Sliding door assemblies normally have two or more panels, at least one of which slides, along a track, supported in a frame. To allow proper door functioning, the frame must be rigid and strong enough to withstand substantial perpendicular loading, due not only to environmental loading, i.e. wind loads, but also to forces exerted during use. The problem of bending of the frame members is complicated by their lengths, which in sliding doors can be 8-12 feet. As a result, loads applied to the frame can, depending upon how the frame is installed in the jamb, create substantial bending moments.
In addition to perpendicular loads, the frame must be capable of withstanding axial stresses imparted during opening and closing movement of the sliding door or doors, such that the track and frame remain rigid.
For aesthetic effect, the door panels, when used as outside doors, are formed almost entirely of glass, which results in panes of substantial size. Due to the large glass area, each of the panes is necessarily extremely heavy, on the order of 250 lbs. per pane. This requires a frame structure which is strong enough to support substantial weight, and durable to hold up to repetitive door opening and closing motions under substantial stress.

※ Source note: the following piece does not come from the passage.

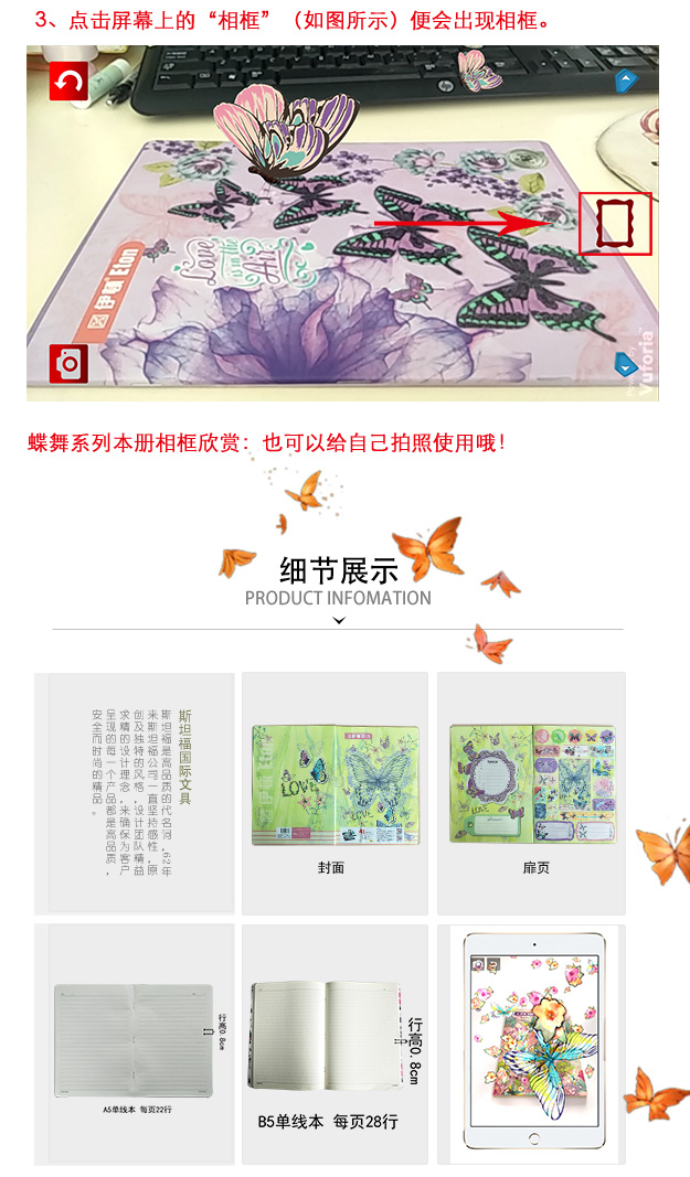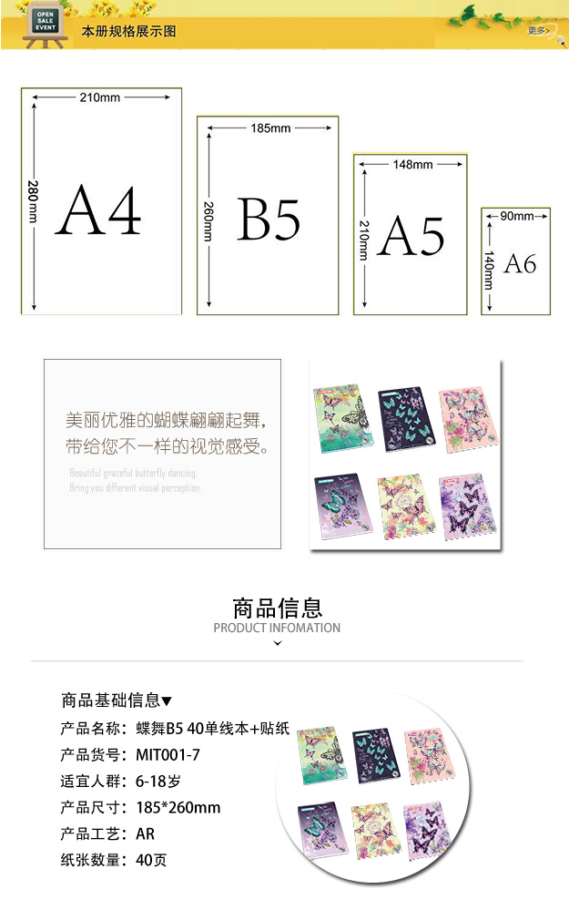 伊顿 蝶舞骑马钉单线本 B5 40页(西藏不发货) 6本装颜色随机
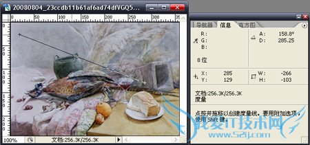 使用度量工具,可以测量两点或两线间的信息。信息将在信息面板中显示。使用方法为:选择度量工具在图像上单击“确定起点”,拖拉出一条直线,单击后就确定了一条线段;然后按Alt键创建第二条测量线。

Concern for thermal insulation of doors and windows, through which considerable heat loss can occur, coupled with the fact that sliding glass doors have a large glass surface area and glass is a relatively poor insulator of heat, has almost necessitated the use of double or triple glazing in the door panels. This not only complicates the frame configuration, but the substantial additional weight resultant from the added panes of glass places significant additional strain on the frame support members. It is for this reason too, thermal efficiency, that it is necessary to retain rigidity of the frame and door members to resist bending under wind loads as would cause excess infiltration of air (and water), and loss of heat.
These heavy load and stress factors have severely inhibited the use of rigid plastic as the frame and sash members in the sliding glass door assembly, although from the standpoint of cost and ease of manufacture the use of a rigid plastic frame and sash would be greatly desirable. However, in order to be capable of withstanding the in-use conditions of the sliding glass door, the plastic members would have to have a relatively thick construction. Alternatively, if plastic members of relatively thin wall thickness were used, metal reinforcement members would be required to prevent bending or cracking of the plastic. In either case, the cost savings advantage of using plastic in the first place would be obviated due both to material costs and construction costs.